TV> Not sure I follow entirely, but here goes:
TV> If you developed a new ant task called "checkin" that did something like
TV> <checkin tool="cvs">
TV> <param name="repositry" value="cvs.apache.org"/>
TV> <fileset id="myfiles/>
TV> </checkin>
TV> Then I beleive you could do this:
TV> Give the checkin task had a published API that is:
TV> For tool="XXX" it would load ant-XXX.jar
TV> In that jar is will look for a "XXX_checkin" class.
TV> On that class it will use the methods
TV> * checkin( file )
TV> * setParam( name, value )
TV> Then you could write classes for
TV> sccs_checkin
TV> rcs_checkin
TV> cvs_checkin
TV> p4_checkin
TV> pvcs_checkin
TV> vss_checkin
TV> etc.
TV> Your cvs_checkin would have to be GPL'd if it used any other GPL'd
TV> code (eg some existing jCVS code).
TV> But the checkin task wouldn't, since it is not specific to the cvs
TV> task.
TV> I do beleive though, that you would have to implement at least one
TV> alternative implementation (such as rcs_checkin) to be truly safe.
TV> Then org.apache.tools.ant.taskdefs.checkin could be ASF licenced
TV> code, operating as a facade over the various implementations,
TV> each of which could be under any licence.

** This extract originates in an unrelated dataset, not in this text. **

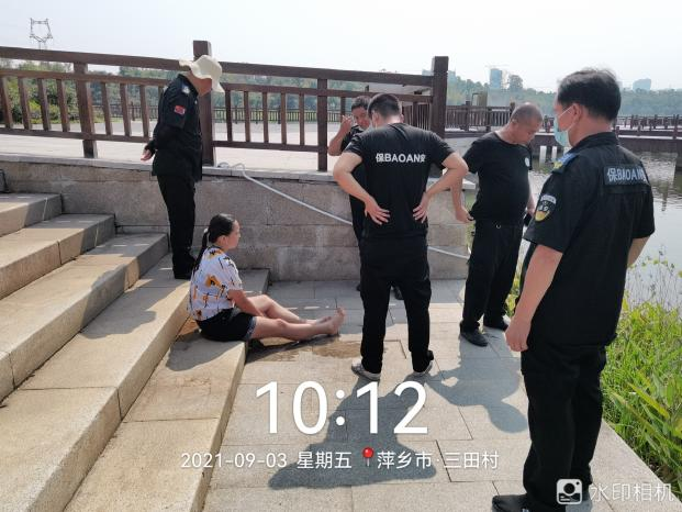 9月3日上午10點(diǎn)左右,領(lǐng)威保安駐萍水湖濕地公園項(xiàng)目保安員陳海軍在萍水湖濕地公園北游客中心碼頭正常巡邏時(shí),發(fā)現(xiàn)一名女子坐在碼頭邊上,疑似有輕生念頭。保安員陳海軍立即上前準(zhǔn)備詢(xún)問(wèn),被該女子制止。陳海軍見(jiàn)此情景,馬上通過(guò)對(duì)講機(jī)和微信工作群聯(lián)系當(dāng)班班長(zhǎng)和隊(duì)長(zhǎng)。當(dāng)班班長(zhǎng)譚志剛、鄧友國(guó)得知消息后立刻報(bào)警,并迅速趕往現(xiàn)場(chǎng)。班長(zhǎng)鄧友國(guó)趕到時(shí),發(fā)現(xiàn)該女子已經(jīng)跳入湖中,如果不及時(shí)救援,該女子就會(huì)有生命危險(xiǎn)。班長(zhǎng)鄧友國(guó)急忙打開(kāi)碼頭消防柜,拿著救生圈果斷地跳入湖中,游到該女子身邊進(jìn)行水中施救。經(jīng)過(guò)近10分鐘的施救,該女子被成功拖到岸邊,上岸后,區(qū)域總監(jiān)易衛(wèi)華、隊(duì)長(zhǎng)張繁榮組織保安員將該女子圍住,以防止該女子再有輕生行為。待女子情緒稍微安定后,易總開(kāi)始對(duì)女子進(jìn)行耐心勸解,并將其帶到陰涼處休息,等待當(dāng)?shù)嘏沙鏊窬瘉?lái)處理。

TV> BUT: IANAL, I have however had similar discussions with various
TV> people about such techniques.
TV> eg You could in theory write an implementation of readline that
TV> didn't actually do anything except read text from the terminal.
TV> If it had the same API as GNU-readline, then you could BSD
TV> licence it, and anyone could use it.
TV> Then users could drop GNU-readline in as a replacement, without
TV> you GPL'ing your program.
TV> My information is that the FSF would see that as an attempt to
TV> circumvent their licence, and they would seek legal injunction.
TV> I think I agree with them.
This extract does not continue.